The paper introducing the sBG model is:

• Peter S. Fader & Bruce G.S. Hardie, "How to Project Customer Retention." Journal of Interactive Marketing, 21 (2007), 76–90. link

If you're interested in learning more about the larger world of probability models in LTV estimation, this paper provides a nice overview:

• Peter S. Fader & Bruce G.S. Hardie, "Probability Models for Customer-Base Analysis." Journal of Interactive Marketing, 23 (2009), 61–69. link

# Contractual-Discrete: The sBG Model¶

The shifted-beta-geometric (sBG) model makes two assumptions:

1. Each customer has a constant churn probability $\theta$. You can think of this as the customer flipping a weighted coin (with probability of tails = $\theta$) at the end of every subscription period, and they cancel their membership if the coin lands tails.
2. Customer churn probabilities are drawn from a beta distribution with parameters $\alpha$ and $\beta$.

The strength and flexibility of the model comes from the second assumption, which allows for heterogeneity in customer churn rates. In contrast, simple LTV formulas usually assume a constant aggregate churn rate. If you've worked with subscription data, this assumption probability matches your intuition: maybe you've got some lifers who seem like they'll renew until the end of time, and some short-lifers who try the product for a period or two and then cancel. While this heterogeneity can be approximated by the constant aggregate churn rate used in simpler LTV formulas, the aggregate churn rate often results in downwardly-biased estimates of LTV. (See the 'Perils of Ignoring Heterogeneity' paper linked to below for more on this bias.)

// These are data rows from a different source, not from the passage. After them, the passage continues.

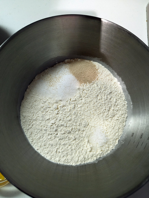 強力粉,ドライイースト,砂糖,塩をボウルに入れる。ドライイーストと砂糖は隣に置くと発酵しやすくなります
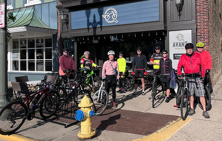 Avant in Lake Geneva and La Grange rent and service bikes. They also have a café at both locations. Riding groups meet weekly at Avant in Lake Geneva on Wednesdays and Sundays.
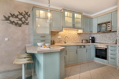Sehr großzügig geschnittene und sehr gepflegte Ferienwohnung mit Meerblick, Parkplatz am Haus und WLAN. Sauna im Haus.

Estimating the sBG model amounts to finding $\alpha$ and $\beta$, effectively estimating what proportion of your customer base is lifers, what proportion short-lifers, and what proportion fall on the spectrum in between. Using Matplotlib, we can recreate figure 3 from the sBG paper, illustrating how the beta distribution permits a variety of churn-rate distribution shapes - and thus how the sBG model can fit a variety of customer bases.

In [3]:
%matplotlib inline
%config InlineBackend.figure_format = 'retina'

In [4]:
import numpy as np
import scipy
import pymc as pm
import seaborn as sns
import pandas as pd
import matplotlib.pyplot as plt

In [5]:
sns.set(style="white")
current_palette = sns.color_palette()
fig, ax = plt.subplots(figsize=(8,6))
ax.set_ylim(0, 2)
ax.set_xlim(0, 2)
x = np.linspace(0, 1, 100)[1:99]
subplot_locations = [[.6, .61, .25, .25], [.6, .21, .25, .25], [.2, .61, .25, .25], [.2, .21, .25, .25]]
subplot_params = [(2, 7), (1.3, .7), (.7, 1.3), (.5, .5)]
for loc, params in zip(subplot_locations, subplot_params):
ax_i = plt.axes(loc)
ax_i.plot(x, scipy.stats.beta.pdf(x, params[0], params[1]), '-')
plt.setp(ax_i.get_yticklabels(), visible=False)
ax_i.axes.spines['right'].set_color('none')
ax_i.axes.spines['top'].set_color('none')
ax_i.set_xlabel(r'$\theta$')
ax_i.set_xticks([0., .5, 1])

ax.set_title(r'General Shapes of the Beta Distribution as a Function of $\alpha$ and $\beta$')
ax.axes.spines['right'].set_color('none')
ax.axes.spines['top'].set_color('none')
ax.plot([1, 1], ax.get_ylim(), '--', c='black', lw=1)
ax.plot(ax.get_xlim(), [1, 1], '--', c='black', lw=1)
ax.set_xticks([0., 1., 2.])
ax.set_yticks([0., 1., 2.])
ax.set_xticklabels(['0', '1', r'$\alpha$'])
_ = ax.set_yticklabels(['0', '1', r'$\beta$'])


(If anyone can reproduce this using plt.subplots() or plt.subplot2grid(), I'd love to know how.)

In their 2007 paper, Fader and Hardie demonstrate how to fit as sBG model to data using MLE in Excel. They begin by deriving the likelihood function, then demonstrate how to code it in Excel and how to use Excel's solver to maximize the likelihood function with respect to $\alpha$ and $\beta$.

To fit the model using MCMC and pymc, we'll take the likelihood function they derived, code it in Python, and then use MCMC to sample from the posterior distributions of $\alpha$ and $\beta$. This post is more about implementation than derivation, so I'll just explain the intuition of the likelihood function without going into the details of the derivation.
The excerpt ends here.